Extras: The Complete First Season (2005) – DVD

Image A- Sound A Extras B
"Kate Winslet," "Ben Stiller," "Ross Kemp," "Samuel L. Jackson," "Les Dennis," "Patrick Stewart"

Extrass1cap

by Ian Pugh The oft-invoked reason as to why we indulge in "entertainment journalism" is because it demystifies the culture of celebrity. Proof of star public outbursts and make-up-free faces, in other words, forces them to "our" level of humanity.

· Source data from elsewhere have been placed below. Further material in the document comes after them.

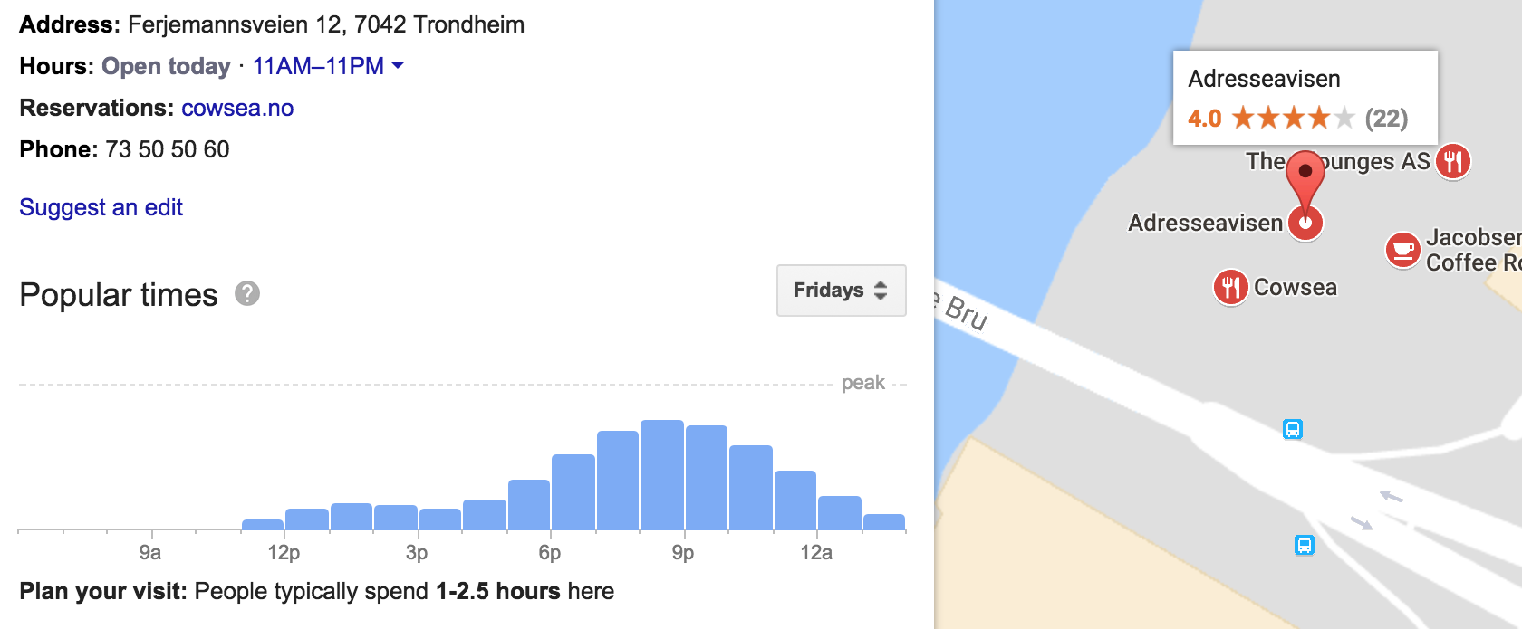 explanation about "visit data": Popular times and visit duration are shown for your business if it gets enough visits from these users.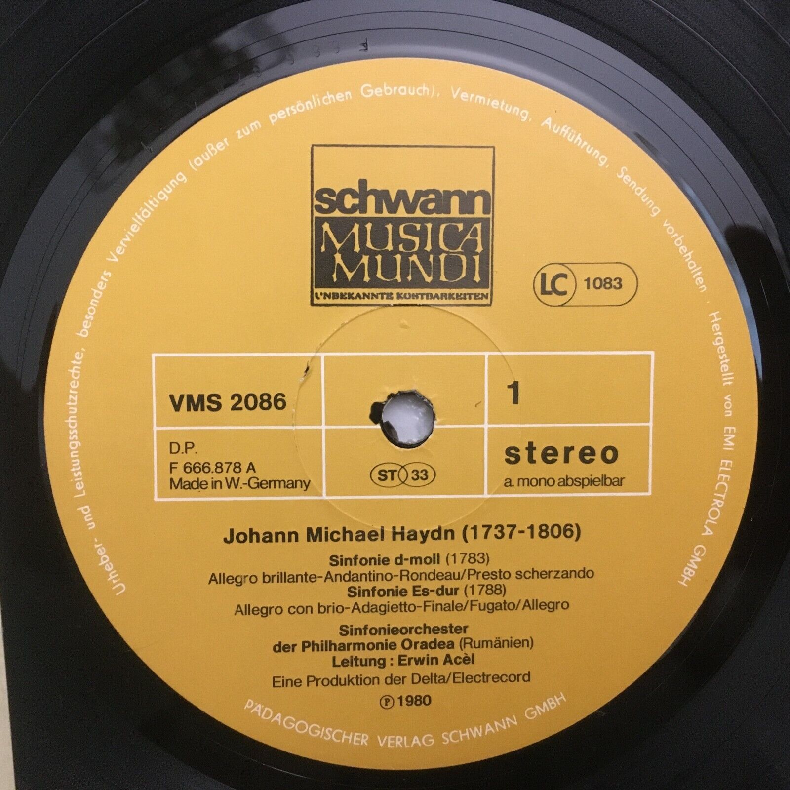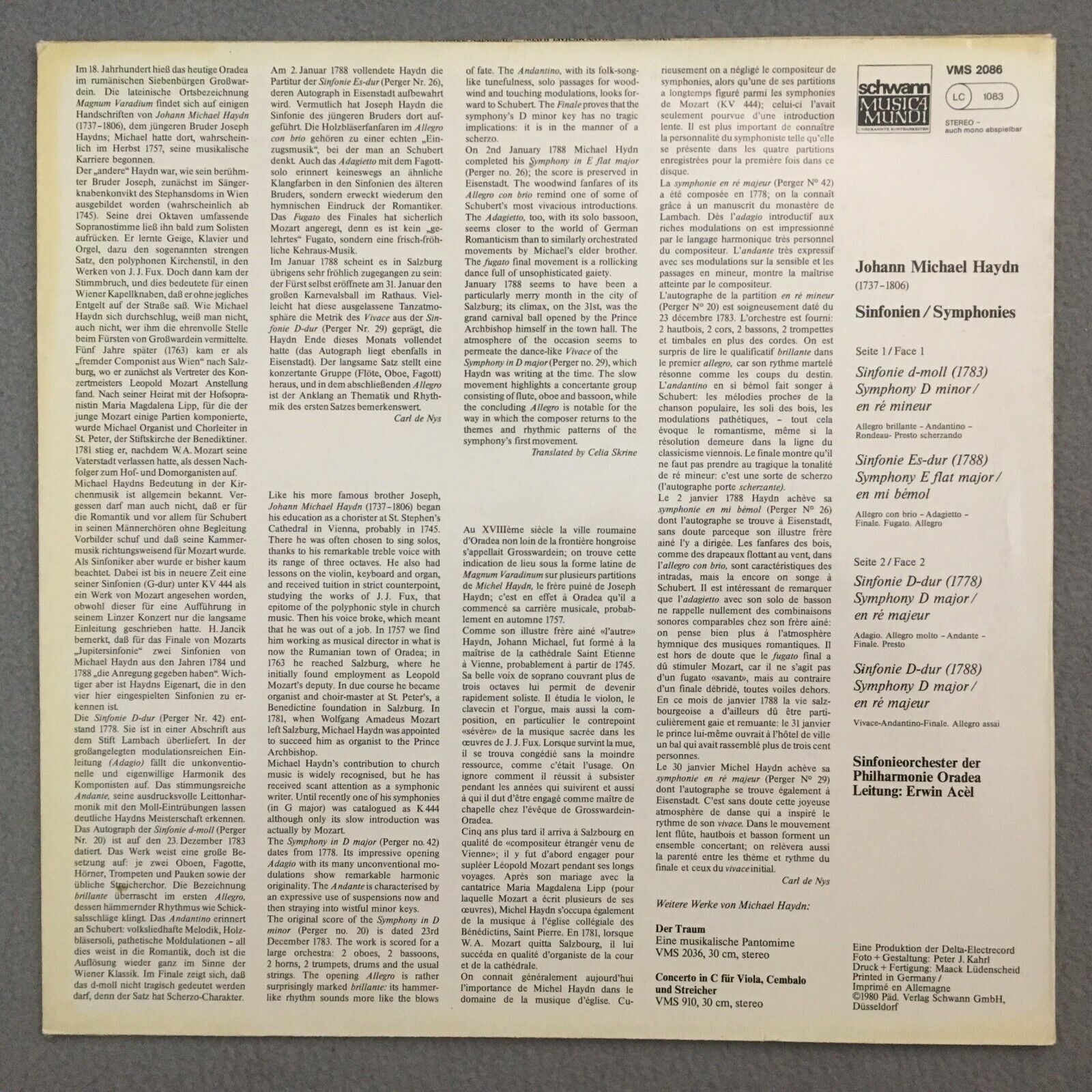 S143 J. M. Haydn Symphonies Acel Schwann VMS 2086 Stereo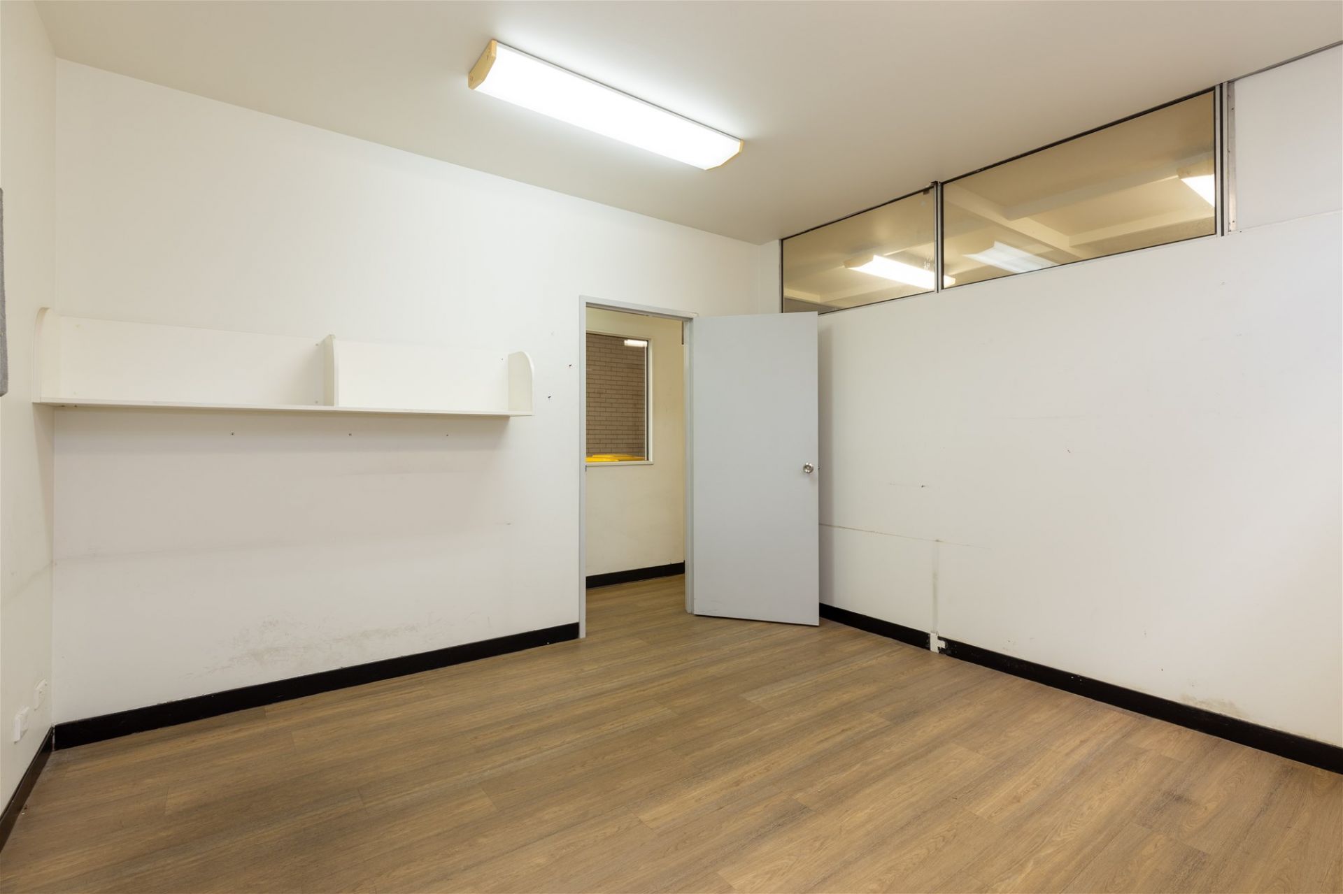 The office space, complete with beautiful wood flooring, exudes a professional atmosphere, making it an ideal setting for administrative tasks, meetings, or creative endeavors. In contrast, the concrete flooring in the warehouse ensures durability and can accommodate various industrial activities.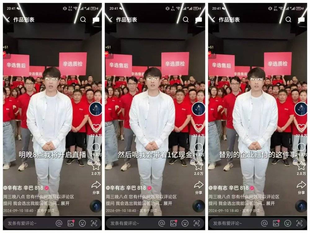 而在今日晚间,原本计划八点开播的主播辛巴,却遭到快手平台提前封禁。就在前一天,辛巴连续发布两条预告视频称,将组织200名客服、准备好1亿元资金,为此前其指责的小杨哥售后问题提供赔付。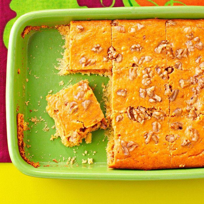 From the Recipe Creator: My mother-in-law handed this pumpkin bar recipe down as a surefire way to keep my husband happy during the holidays. It's his favorite childhood dessert. —Melissa Conchieri, Northport, New York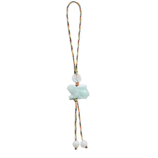 Customization Natural Emerald Chinese Rabbit DIY Phone Chain Key Ring Jewellery Fashion Accessories Hand-Carved Man Woman Amulet
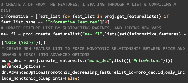 This use case removes Year and keeps all other variables. This use case also creates a feature list of variables that should always have a negative relationship with sales (monotonically decreasing and uses its relationship to inform model training. In this case, the feature list enforces the idea that sales should always decrease as price increases.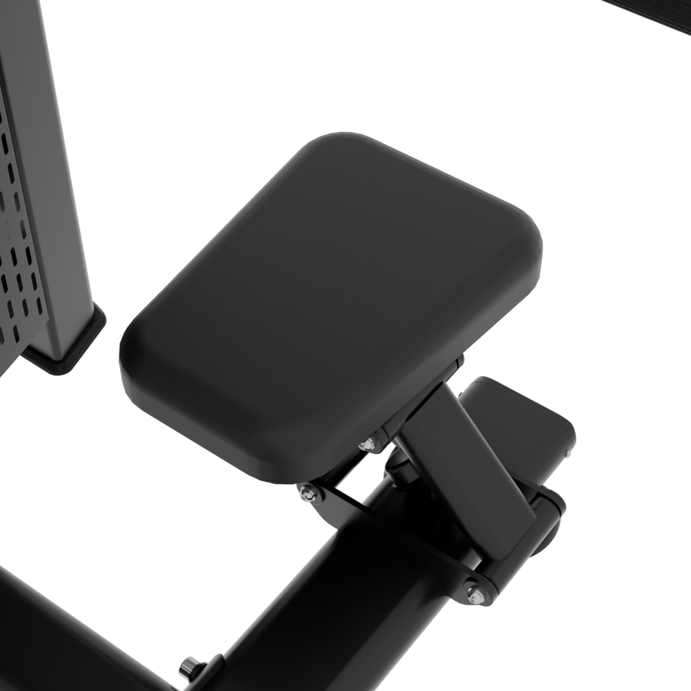 Construida con materiales de alta calidad, esta máquina combina robustez, estabilidad y un funcionamiento suave incluso con un uso intensivo. La torre de pesas de 100 kg, junto con la transmisión 1:1, permite una progresión constante del esfuerzo, adaptándose tanto a usuarios principiantes como avanzados.

At first glance, Ricky Gervais and Stephen Merchant's BBC sitcom "Extras" feeds into that fascination through parody: Proposed as unreachable titans via eponymous episode titles, the guest stars who tower over "background artists" Andy Millman (Gervais) and Maggie Jacobs (Ashley Jensen) are invariably revealed to be windbags and/or perverts. It's possible to see this as an attempt to deter us from rumour-mongering: Kate Winslet becomes a bitter Oscar bridesmaid ("You are guaranteed an Oscar if you play a mental," she says upon seeing a woman with cerebral palsy), for instance, and Ben Stiller–improbably directing a film about the Yugoslav Wars–presents himself as precisely the kind of loser he plays in the movies but with twice the ego.